Requirement: Begin at the line that has "SGK, sosyal medya", stop after the line that has "После установки и", and print exactly those lines from the records below, without any pictures.

Listed entries:
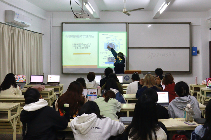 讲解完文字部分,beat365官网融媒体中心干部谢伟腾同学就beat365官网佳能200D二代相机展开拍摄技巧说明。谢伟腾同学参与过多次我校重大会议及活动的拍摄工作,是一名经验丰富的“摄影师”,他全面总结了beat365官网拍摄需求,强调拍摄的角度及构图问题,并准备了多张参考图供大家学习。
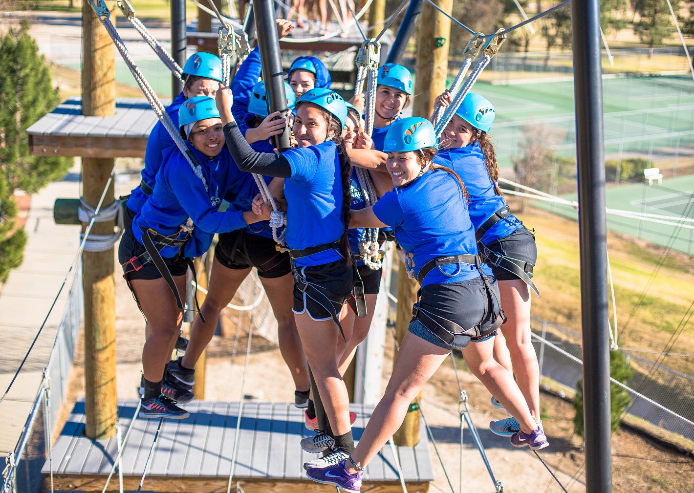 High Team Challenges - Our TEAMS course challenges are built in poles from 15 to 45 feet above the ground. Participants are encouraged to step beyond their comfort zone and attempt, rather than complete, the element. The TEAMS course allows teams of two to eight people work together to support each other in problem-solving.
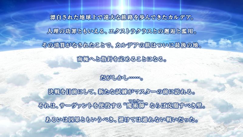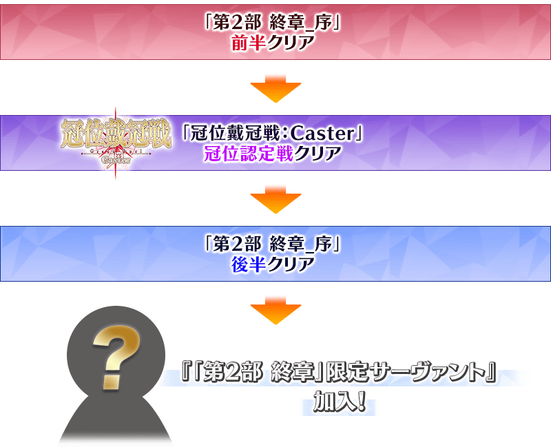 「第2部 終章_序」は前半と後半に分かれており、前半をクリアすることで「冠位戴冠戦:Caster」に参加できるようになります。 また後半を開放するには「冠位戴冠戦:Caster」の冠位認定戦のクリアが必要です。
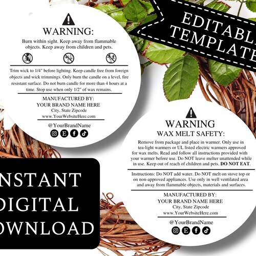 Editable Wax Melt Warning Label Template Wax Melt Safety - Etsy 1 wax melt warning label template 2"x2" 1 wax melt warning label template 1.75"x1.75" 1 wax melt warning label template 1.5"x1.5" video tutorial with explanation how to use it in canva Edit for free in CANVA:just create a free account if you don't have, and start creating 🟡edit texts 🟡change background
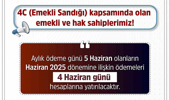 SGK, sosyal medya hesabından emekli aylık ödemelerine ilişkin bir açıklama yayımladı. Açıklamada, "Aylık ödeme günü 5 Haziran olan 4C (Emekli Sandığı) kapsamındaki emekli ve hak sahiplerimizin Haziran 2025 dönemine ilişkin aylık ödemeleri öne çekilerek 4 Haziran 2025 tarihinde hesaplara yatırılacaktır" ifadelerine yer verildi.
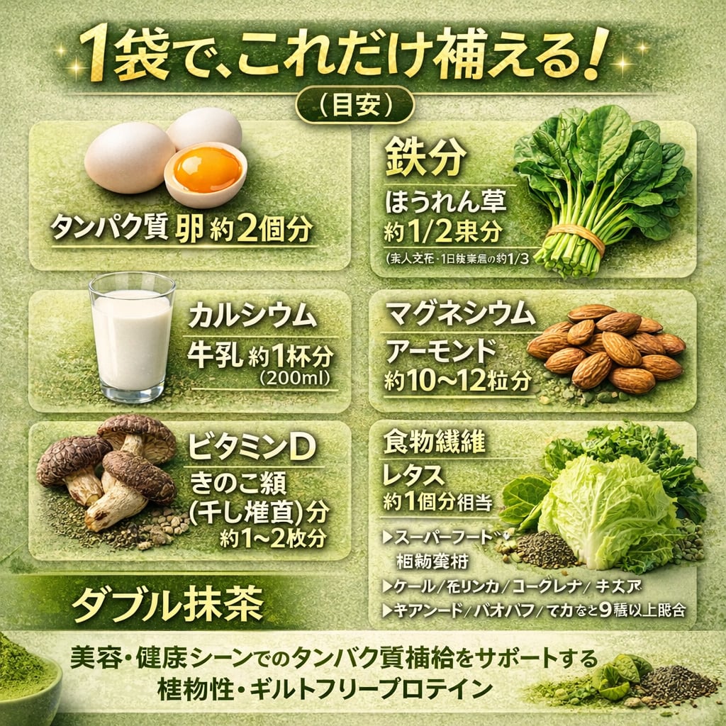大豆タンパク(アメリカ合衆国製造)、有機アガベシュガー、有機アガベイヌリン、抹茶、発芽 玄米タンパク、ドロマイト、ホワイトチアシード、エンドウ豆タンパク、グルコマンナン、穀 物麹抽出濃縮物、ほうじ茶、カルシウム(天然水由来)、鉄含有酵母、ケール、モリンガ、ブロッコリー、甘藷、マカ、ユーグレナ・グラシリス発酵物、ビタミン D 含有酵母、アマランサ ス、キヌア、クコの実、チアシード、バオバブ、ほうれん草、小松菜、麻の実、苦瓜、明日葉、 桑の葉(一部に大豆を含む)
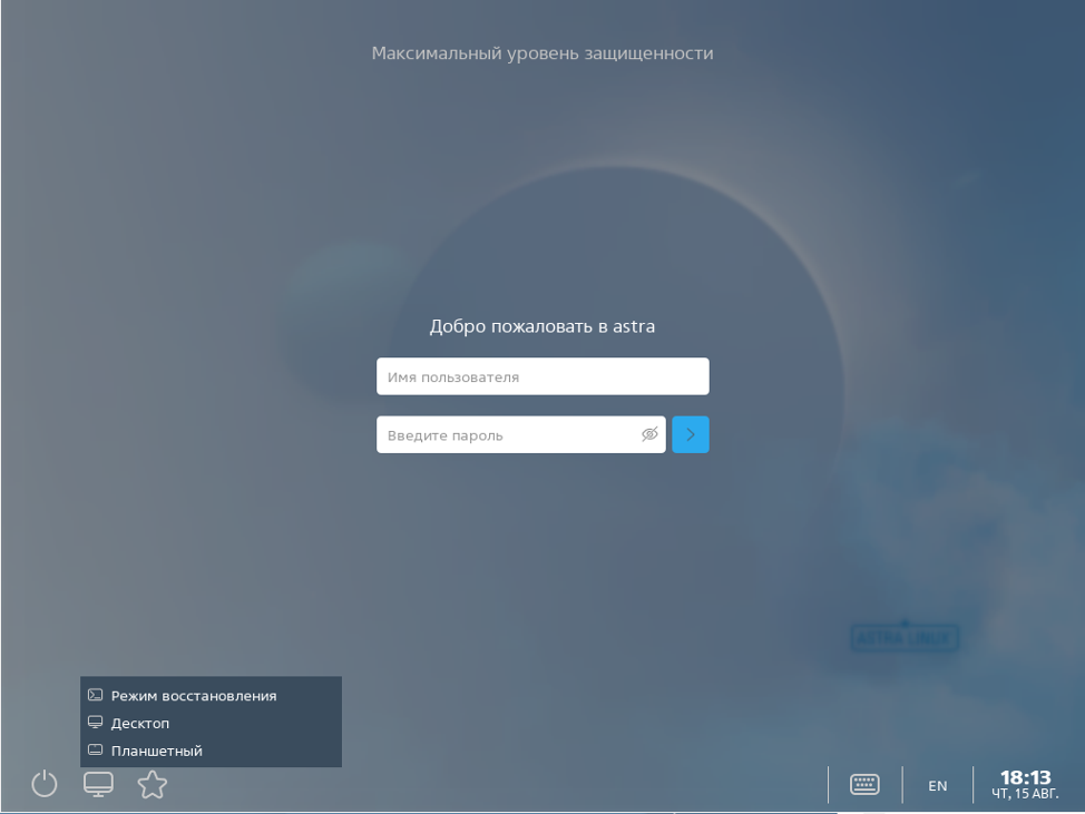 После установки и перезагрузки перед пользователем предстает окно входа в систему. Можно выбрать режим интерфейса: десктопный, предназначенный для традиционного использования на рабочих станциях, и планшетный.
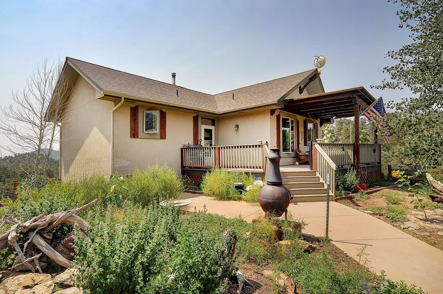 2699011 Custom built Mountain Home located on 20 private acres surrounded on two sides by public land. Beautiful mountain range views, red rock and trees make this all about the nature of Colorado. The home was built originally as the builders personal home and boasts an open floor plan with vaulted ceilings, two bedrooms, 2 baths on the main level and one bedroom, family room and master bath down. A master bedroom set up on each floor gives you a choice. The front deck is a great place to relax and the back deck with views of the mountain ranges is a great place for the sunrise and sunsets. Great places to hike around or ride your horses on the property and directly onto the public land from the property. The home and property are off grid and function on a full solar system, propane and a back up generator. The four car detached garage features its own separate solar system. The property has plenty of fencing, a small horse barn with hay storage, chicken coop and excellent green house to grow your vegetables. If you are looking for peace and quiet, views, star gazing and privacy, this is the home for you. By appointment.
---
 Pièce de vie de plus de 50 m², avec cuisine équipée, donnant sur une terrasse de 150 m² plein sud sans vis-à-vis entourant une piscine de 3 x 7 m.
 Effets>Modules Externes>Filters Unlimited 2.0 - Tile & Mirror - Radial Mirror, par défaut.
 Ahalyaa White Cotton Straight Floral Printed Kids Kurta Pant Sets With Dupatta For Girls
---
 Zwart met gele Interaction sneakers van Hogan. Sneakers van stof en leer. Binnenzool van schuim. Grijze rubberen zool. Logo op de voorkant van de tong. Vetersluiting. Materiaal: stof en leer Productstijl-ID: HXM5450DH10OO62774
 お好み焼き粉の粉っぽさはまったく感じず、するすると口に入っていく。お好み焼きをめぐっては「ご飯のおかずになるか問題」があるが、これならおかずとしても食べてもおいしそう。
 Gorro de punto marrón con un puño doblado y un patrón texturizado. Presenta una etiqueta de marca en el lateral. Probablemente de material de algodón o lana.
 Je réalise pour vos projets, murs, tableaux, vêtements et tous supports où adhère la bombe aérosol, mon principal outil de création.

Answer section:
 SGK, sosyal medya hesabından emekli aylık ödemelerine ilişkin bir açıklama yayımladı. Açıklamada, "Aylık ödeme günü 5 Haziran olan 4C (Emekli Sandığı) kapsamındaki emekli ve hak sahiplerimizin Haziran 2025 dönemine ilişkin aylık ödemeleri öne çekilerek 4 Haziran 2025 tarihinde hesaplara yatırılacaktır" ifadelerine yer verildi.
大豆タンパク(アメリカ合衆国製造)、有機アガベシュガー、有機アガベイヌリン、抹茶、発芽 玄米タンパク、ドロマイト、ホワイトチアシード、エンドウ豆タンパク、グルコマンナン、穀 物麹抽出濃縮物、ほうじ茶、カルシウム(天然水由来)、鉄含有酵母、ケール、モリンガ、ブロッコリー、甘藷、マカ、ユーグレナ・グラシリス発酵物、ビタミン D 含有酵母、アマランサ ス、キヌア、クコの実、チアシード、バオバブ、ほうれん草、小松菜、麻の実、苦瓜、明日葉、 桑の葉(一部に大豆を含む)
 После установки и перезагрузки перед пользователем предстает окно входа в систему. Можно выбрать режим интерфейса: десктопный, предназначенный для традиционного использования на рабочих станциях, и планшетный.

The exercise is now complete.